Prospective : le travail et l’emploi dans vingt ans

Un nouveau rapport du Centre d’analyse stratégique se penche sur les scénarios de l’évolution de l’emploi et lance des pistes de réflexion.

Publié le 12/07/2011 Mise à jour le 19/03/2018

Le constat est violent. Aujourd’hui, le marché de l’emploi est complètement chamboulé par les mutations des trente dernières années, les trente « piteuses », comme on les nomme parfois, qui ont sérieusement mis à mal l’organisation du travail. En France, en 1995 déjà, moins de 40 % des actifs travaillaient en un lieu fixe et uniquement du lundi au vendredi. Une fragmentation qui se double d’une segmentation accrue du marché du travail, avec un emploi concentré sur la population des 30-45 ans et un essor des contrats atypiques, dans un contexte de mondialisation des échanges et de globalisation financière, fragilisé par la crise économique et sociale de 2008-2009.

En parallèle, les entreprises comme l’ensemble de la société font face à de nouvelles attentes : égalité entre femmes et hommes, diversité, meilleure articulation vie privée/vie professionnelle, ancrage territorial des entreprises, exigences du développement durable et de la responsabilité sociale des entreprises.

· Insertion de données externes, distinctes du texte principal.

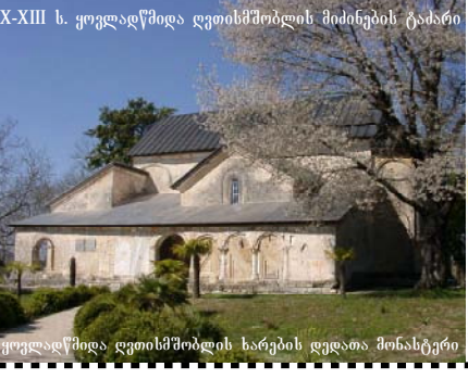
X-XIII ს. ყოვლადწმიდა ღვთისმშობლის მიძინების ტაძარი
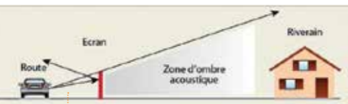
Principe de fonctionnement d'un écran acoustique.

Un premier écran d'une longueur de 328 m pour une hauteur de 2 m va être construit en périphérie intérieure, au droit de la bretelle de sortie de la porte de Rennes. La durée des travaux prévue est de quatre mois. Le second écran, situé en périphérie extérieure au droit de la voie métropolitaine 42, sera réhabilité. Les dimensions de l'écran actuel seront conservées (102 m de long, 2 m de hauteur). Les panneaux de l'écran, hauts de 1,35 m, seront entièrement changés pour une meilleure performance acoustique. La durée des travaux prévue est de deux mois.

La grande question est de savoir comment les transformations démographiques, économiques, technologiques et sociétales peuvent dessiner plusieurs avenirs possibles pour le travail et l’emploi, avec l’espoir de vaincre le chômage de masse persistant depuis plus de trente ans et d’améliorer la qualité du travail. Un enjeu au centre du dernier rapport du Centre d’analyse stratégique, qui a piloté durant un an un groupe de travail présidé par Odile Quintin, afin de chercher à répondre à cinq questions concrètes sur le travail en 2030 : pourquoi, pour qui, comment, quand et où travaille-t-on ? « Parce que cela détermine largement à la fois la force de notre économie et la cohésion de notre société, les politiques publiques doivent relever ces défis », estime Vincent Chriqui, directeur général du CAS.

Deux scénarios pour quatre propositions

Le Centre d’analyse stratégique a élaboré deux scénarios possibles. Le premier est un scénario dit «d’accélération technologique et sociétale», marqué par une économie de la connaissance, numérique et verte, avec un marché du travail plus segmenté mais avec également de nouvelles formes de régulation, notamment non étatiques. Le second scénario «de rééquilibrage et de volontarisme des acteurs» est fondé sur des évolutions du contexte international, qui allègent la pression sur l’emploi et le travail (notamment son coût) et donnent des marges de manoeuvre aux acteurs pour nouer des partenariats efficaces. Ce scénario est plus collaboratif, mais sans doute aussi plus fragile.

Dans les deux cas, les modes d’intervention des acteurs, notamment de l’Etat, devront évoluer, face aux enjeux d’emploi, de mobilité et de qualité du travail ou, plus globalement, de compétitivité et de cohésion sociale. Pour répondre à ces défis, le groupe de travail formule quatre propositions principales visant à faire évoluer les politiques de l’emploi, pour favoriser et sécuriser la mobilité professionnelle et améliorer la qualité du travail, dans le souci d’anticiper et de préparer les évolutions à venir.

Pascale Colisson-www.lesinfluences.fr

Les quatre propositions du CAS

1. En matière de politique de l’emploi, disposer d’une panoplie d’outils réversibles pour gérer les chocs conjoncturels (dispositifs “dormants”, mesures types réactivables aisément, voire mesures conditionnées au franchissement de seuils macroéconomiques).

2. Passer progressivement à une politique de l’emploi davantage centrée sur l’appariement offre/demande sur le marché du travail et plus directement en lien avec les besoins des branches et des territoires.

3. Mettre en place un “compte individuel social” de droits portables, de façon progressive et négociée, à partir du couple CET-DIF (compte épargne-temps, droit individuel à la formation).

4. Développer la responsabilité sociale de l’entreprise, par la communication et le travail de conviction, mais aussi par l’élaboration concertée d’un cadre de référence faisant l’objet d’un véritable “label RSE”.